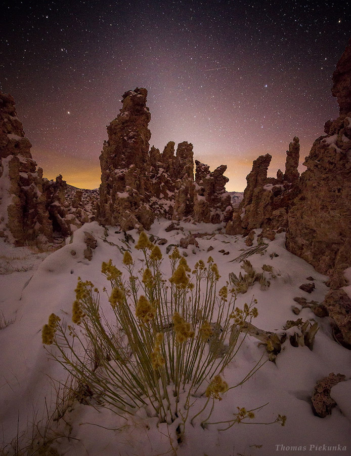 From the photographer: “There was heavy snow and cold conditions at Mono Lake, so I headed up and went to the West end of the South Tufa area and found this beautiful rabbit bush with a nice tufa formation behind it and the glowing Zodiacal Light behind it. A fortuitous alignment.”
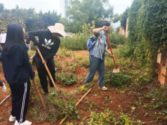 采摘完菊花,同学们积极配合负责人的指挥,领取工具为百草园进行中耕除草、追肥等田间管理活动,为园内植物的茁壮生长提供良好的环境条件。
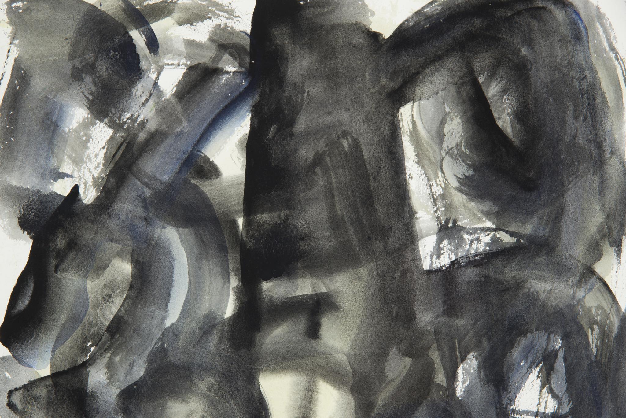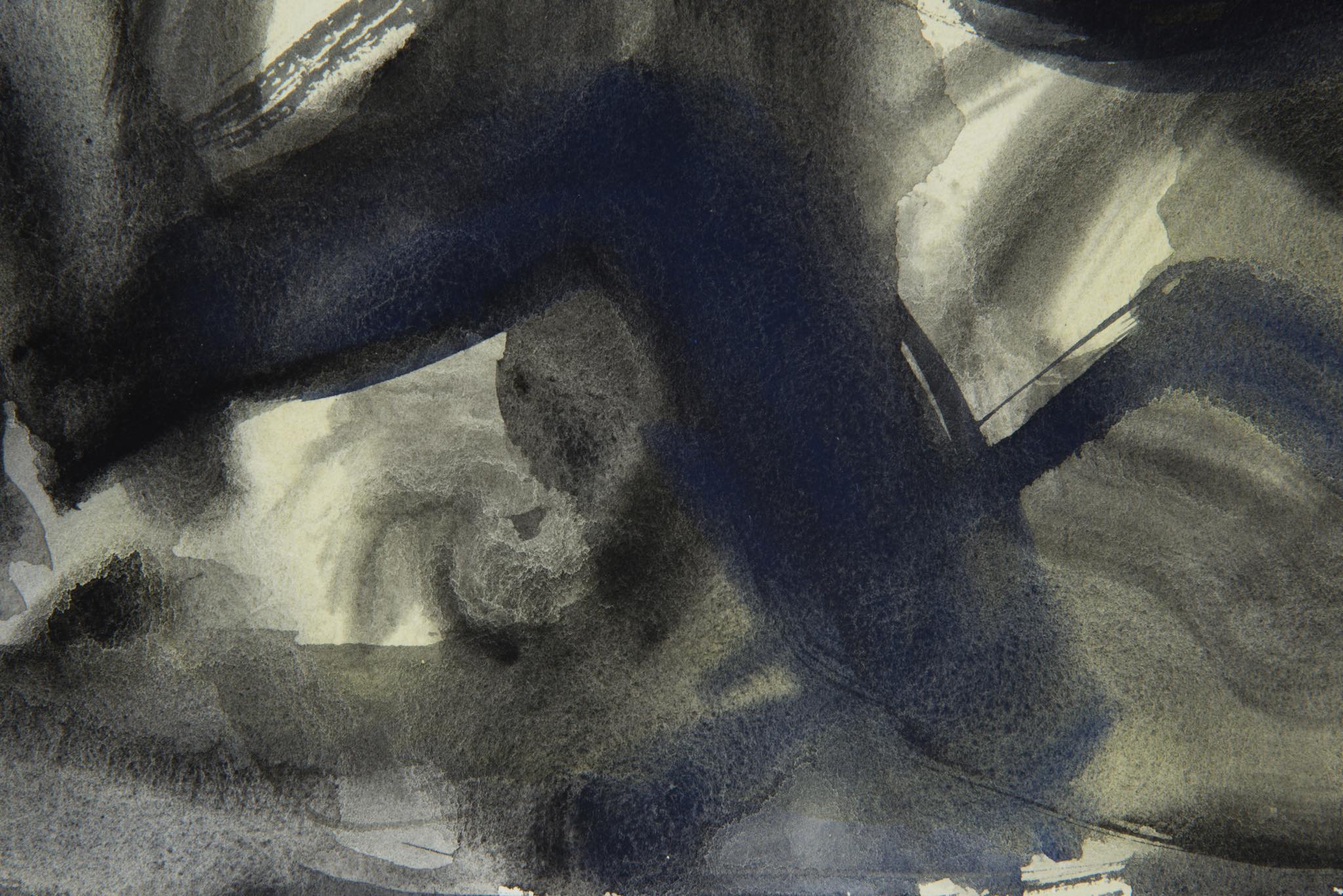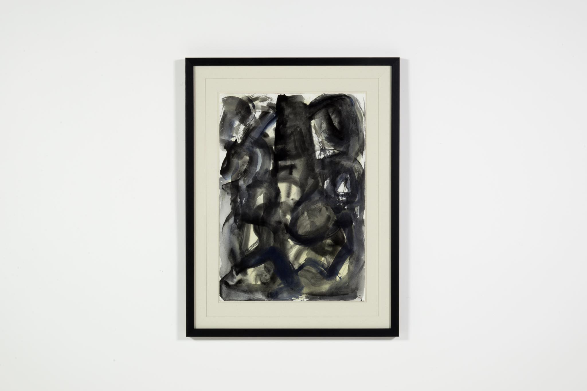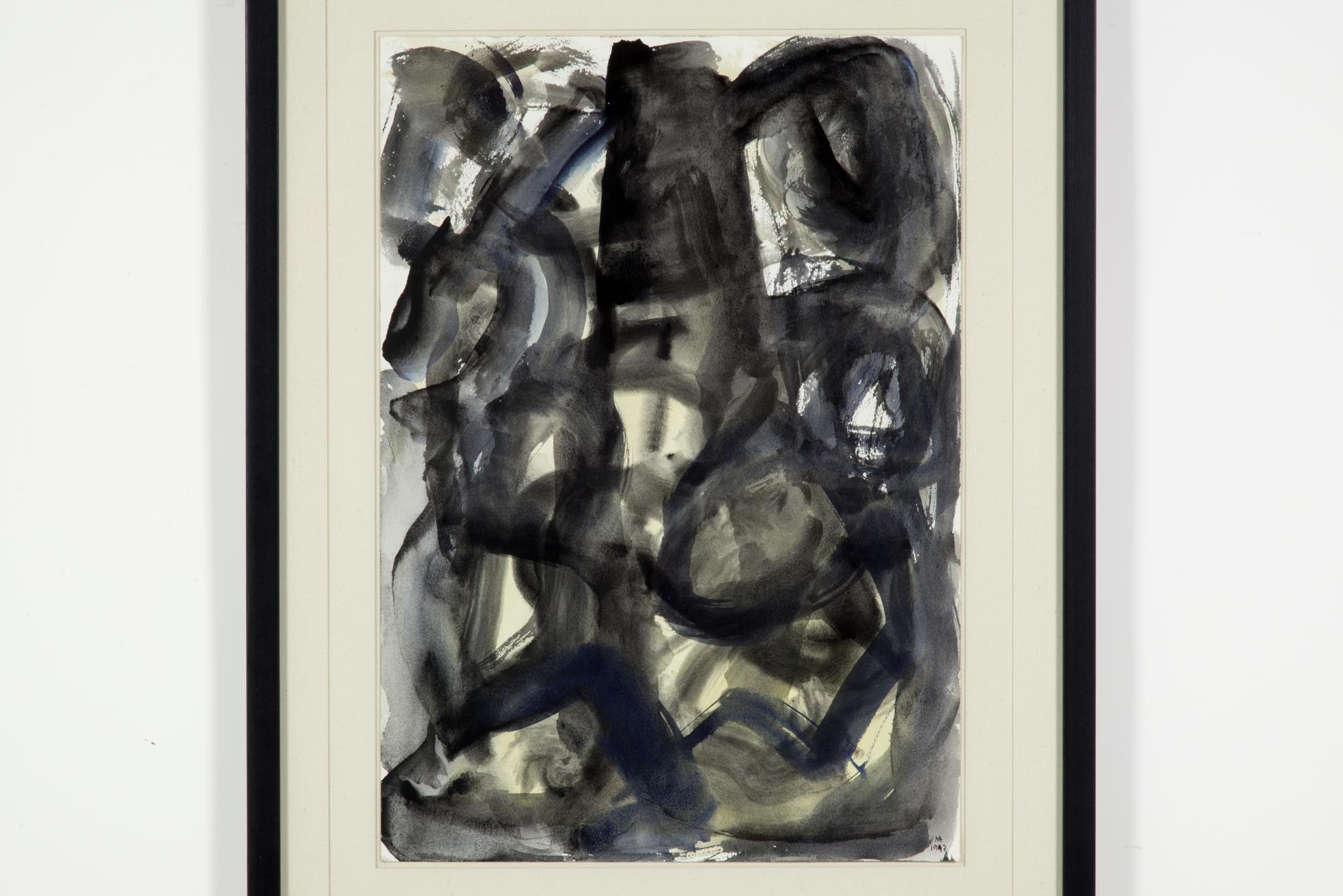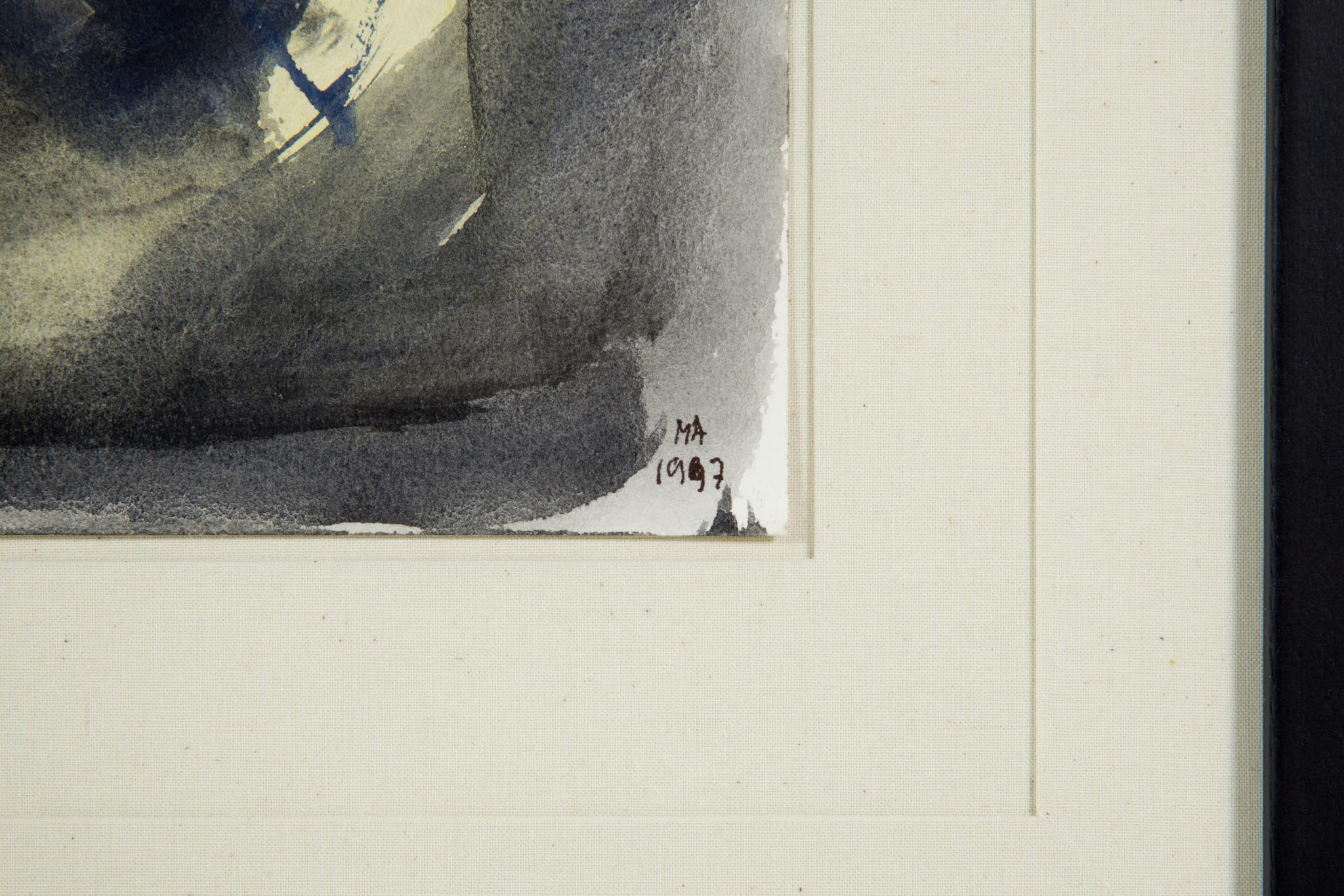 デンマークのアーティスト、Mogens Andersen/モーエンス・アナセンによる水彩画作品です。薄い絵の具を用いた表現は、日本画に見られるたらしこみを思わせます。木製のフレームと布被せのダブルマットは新たに整えました。
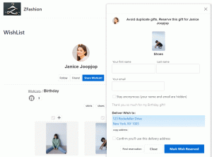 | Gift buyers provide their name and email address when reserving a gift off a WishList | |||
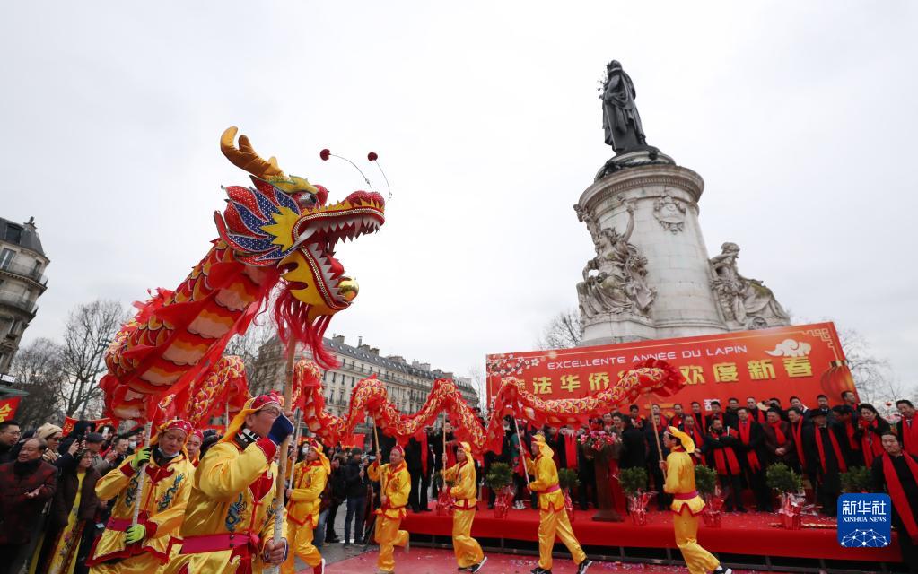 當日,法國巴黎舉行盛大兔年春節彩妝游行。該活動由當地多個華僑華人社團共同組織,慶祝農歷兔年春節的到來,吸引眾多市民前來參觀。
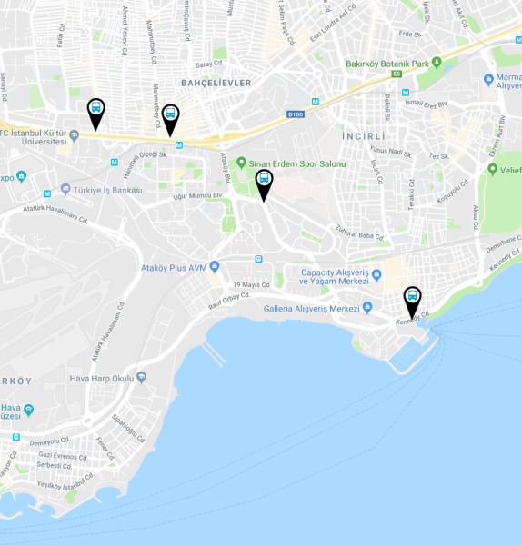 Otobüs Bakırköy sahilden kalkıyor ve aşağıdaki duraklarda duruyor (havalimanı dönüşünde ters sırada):
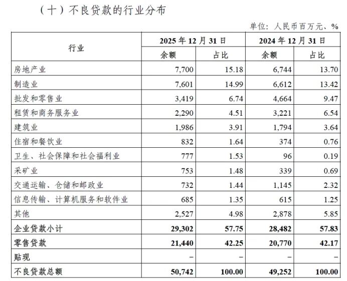 2025年末,光大银行不良贷款余额一举突破500亿大关,较上年末新增14.9亿元;不良贷款率微升至1.27%,较上年末上升0.02个百分点。
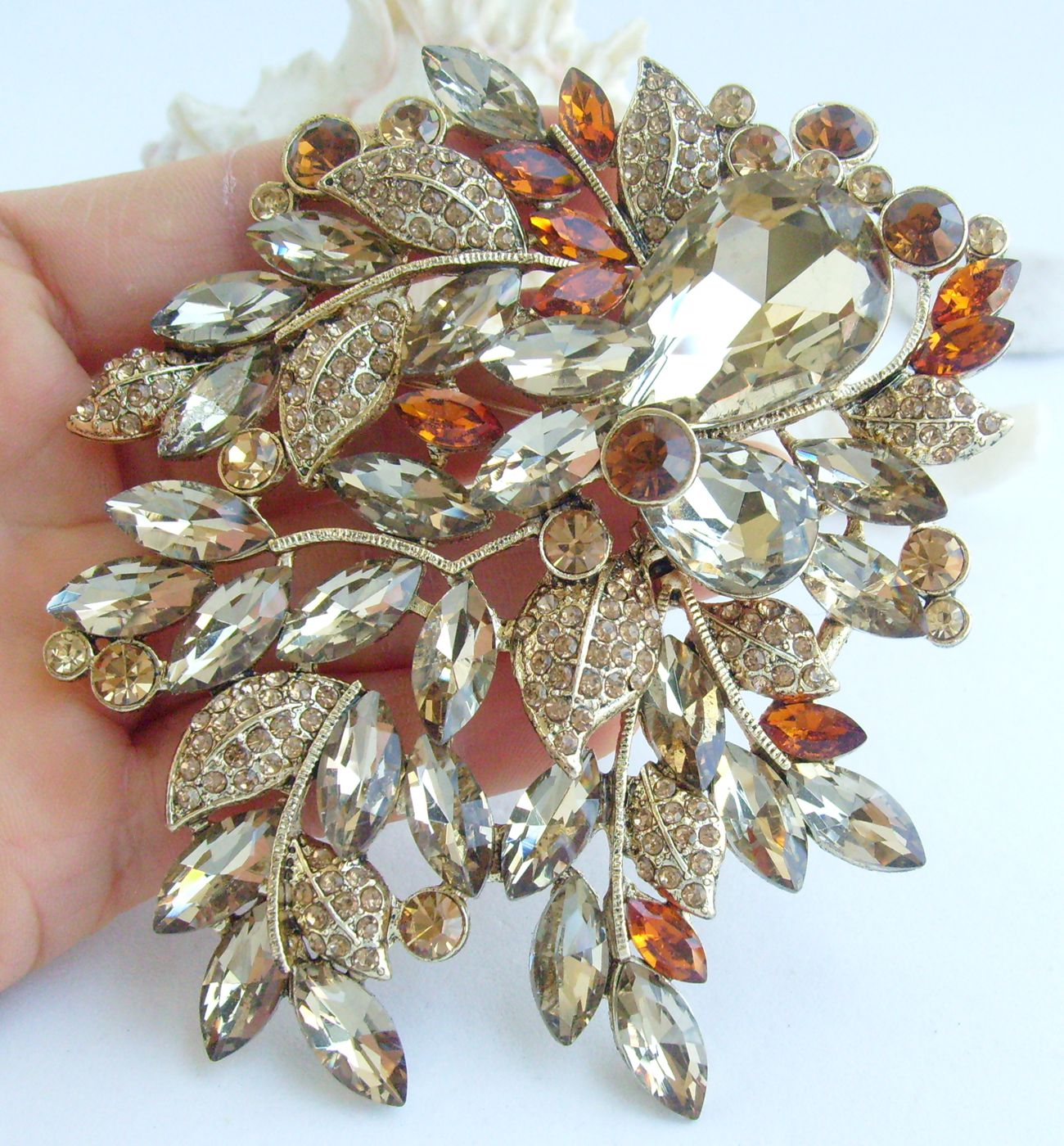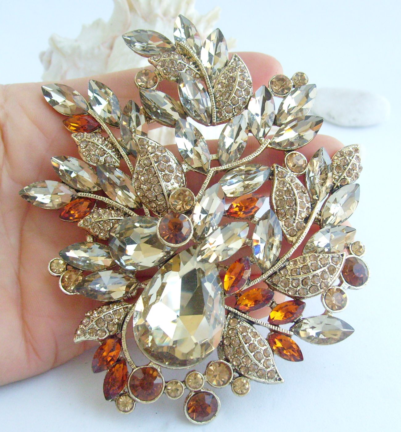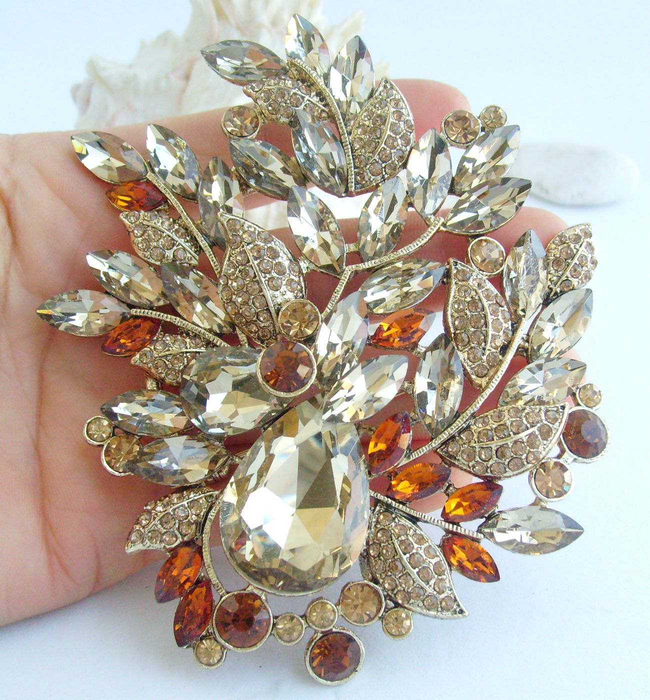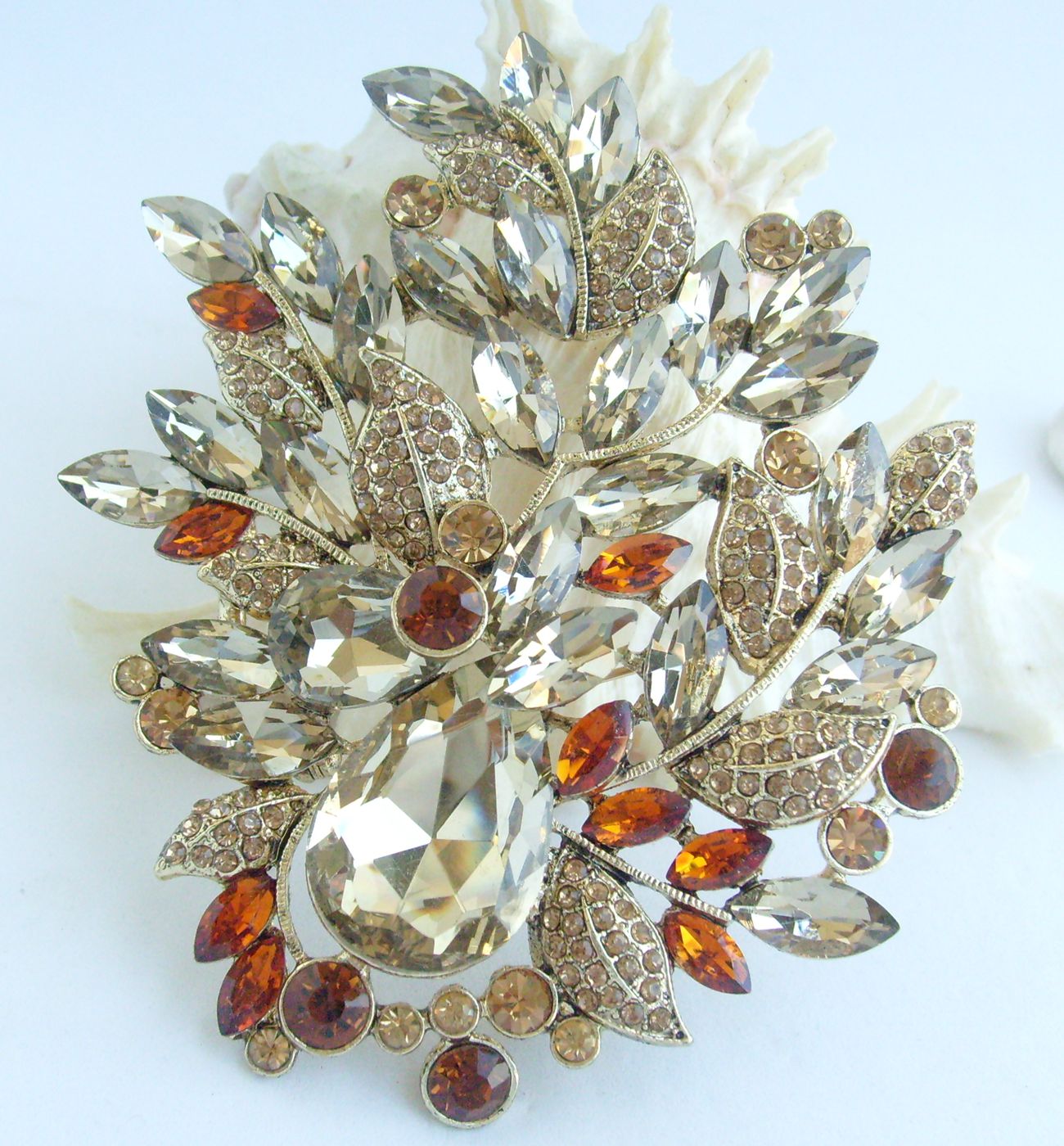 Sindary Rhinestone Crystal Teardrop Leaf Flower Brooch Pin Pendant Large Brooch for Women BP04672 (Gold-Tone Brown) 90g

----

§ Exercise requirements
Restate the material word for word from its first line through the line containing "デンマークのアーティスト、M", both included; the pictures do not belong in it.

§ Solution to the problem
 From the photographer: “There was heavy snow and cold conditions at Mono Lake, so I headed up and went to the West end of the South Tufa area and found this beautiful rabbit bush with a nice tufa formation behind it and the glowing Zodiacal Light behind it. A fortuitous alignment.”
 采摘完菊花,同学们积极配合负责人的指挥,领取工具为百草园进行中耕除草、追肥等田间管理活动,为园内植物的茁壮生长提供良好的环境条件。
 デンマークのアーティスト、Mogens Andersen/モーエンス・アナセンによる水彩画作品です。薄い絵の具を用いた表現は、日本画に見られるたらしこみを思わせます。木製のフレームと布被せのダブルマットは新たに整えました。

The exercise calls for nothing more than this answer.